- _PROVIDED INFORMATION_:
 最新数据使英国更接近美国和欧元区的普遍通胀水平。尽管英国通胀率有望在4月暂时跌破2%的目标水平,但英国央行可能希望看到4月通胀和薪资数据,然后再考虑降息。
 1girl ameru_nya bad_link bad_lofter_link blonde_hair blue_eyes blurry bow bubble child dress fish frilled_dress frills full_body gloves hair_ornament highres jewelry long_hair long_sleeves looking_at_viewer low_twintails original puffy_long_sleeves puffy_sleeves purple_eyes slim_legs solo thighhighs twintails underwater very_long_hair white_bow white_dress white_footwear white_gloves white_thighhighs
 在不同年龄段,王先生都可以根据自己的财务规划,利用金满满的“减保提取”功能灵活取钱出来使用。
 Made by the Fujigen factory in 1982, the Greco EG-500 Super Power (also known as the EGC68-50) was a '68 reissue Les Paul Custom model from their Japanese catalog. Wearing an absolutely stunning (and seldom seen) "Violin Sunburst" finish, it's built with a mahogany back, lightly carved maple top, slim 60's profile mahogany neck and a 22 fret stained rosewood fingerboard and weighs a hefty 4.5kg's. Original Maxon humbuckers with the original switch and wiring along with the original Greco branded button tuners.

--

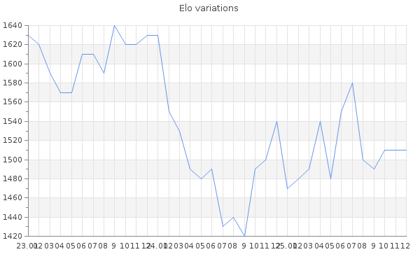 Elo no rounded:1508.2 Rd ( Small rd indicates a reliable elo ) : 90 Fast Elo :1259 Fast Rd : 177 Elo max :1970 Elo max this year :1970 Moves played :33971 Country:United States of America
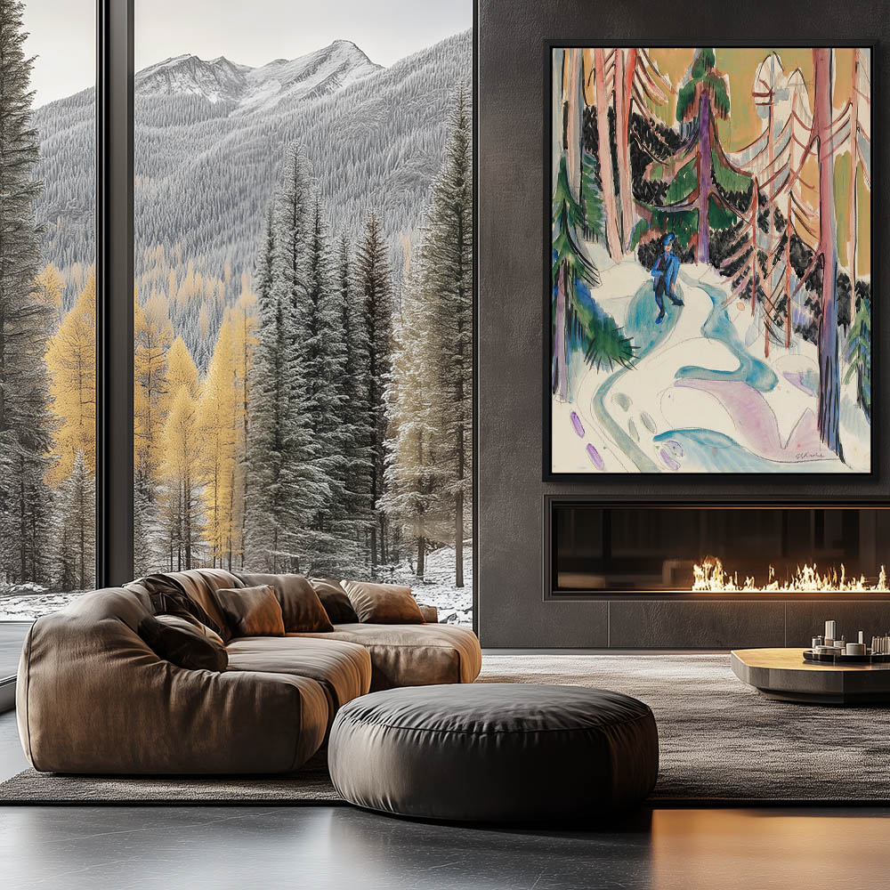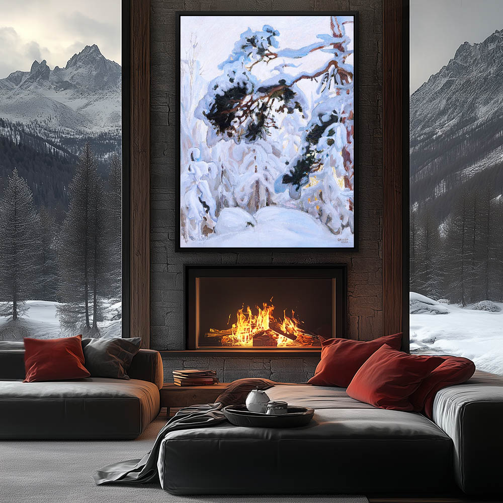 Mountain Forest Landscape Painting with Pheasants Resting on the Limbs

* * *

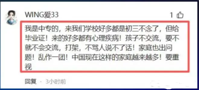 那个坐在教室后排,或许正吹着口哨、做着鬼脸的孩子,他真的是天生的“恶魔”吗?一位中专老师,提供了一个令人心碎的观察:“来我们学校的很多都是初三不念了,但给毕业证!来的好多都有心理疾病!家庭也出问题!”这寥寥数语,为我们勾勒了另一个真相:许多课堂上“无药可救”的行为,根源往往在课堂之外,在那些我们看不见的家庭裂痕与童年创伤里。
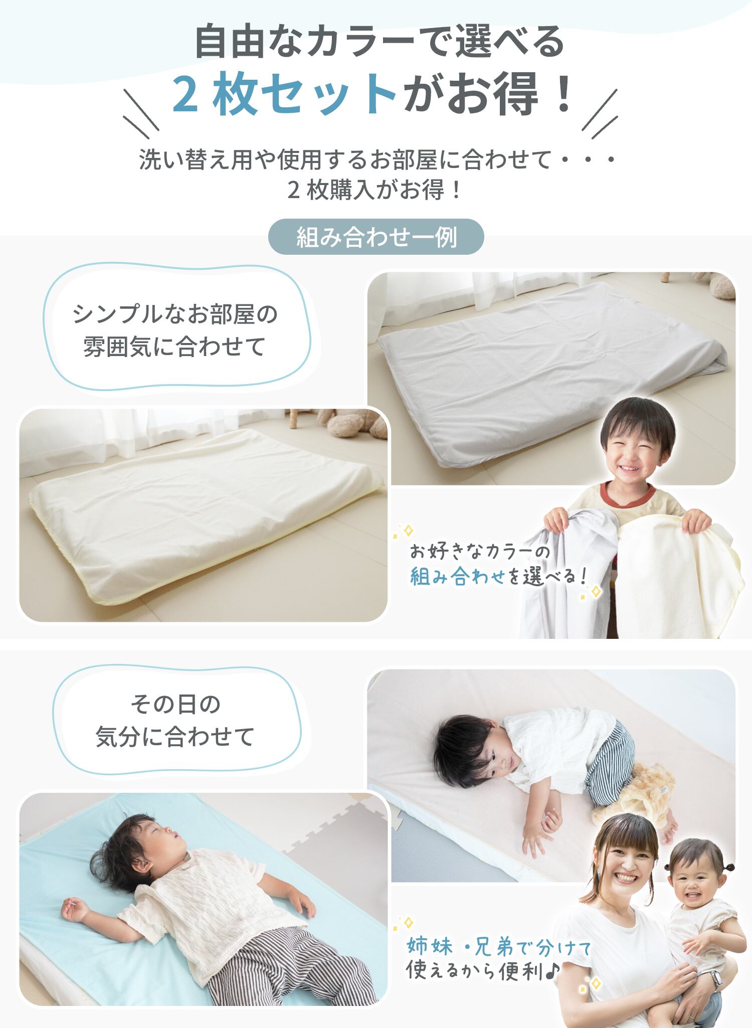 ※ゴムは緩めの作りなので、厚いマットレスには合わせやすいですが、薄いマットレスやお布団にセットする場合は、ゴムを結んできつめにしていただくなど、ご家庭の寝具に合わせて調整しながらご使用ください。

- _YOUR ASSIGNMENT_:
Please tally the lines of the listing that include the string "original". Give the total alone.

- _EXERCISE RESULT_:
2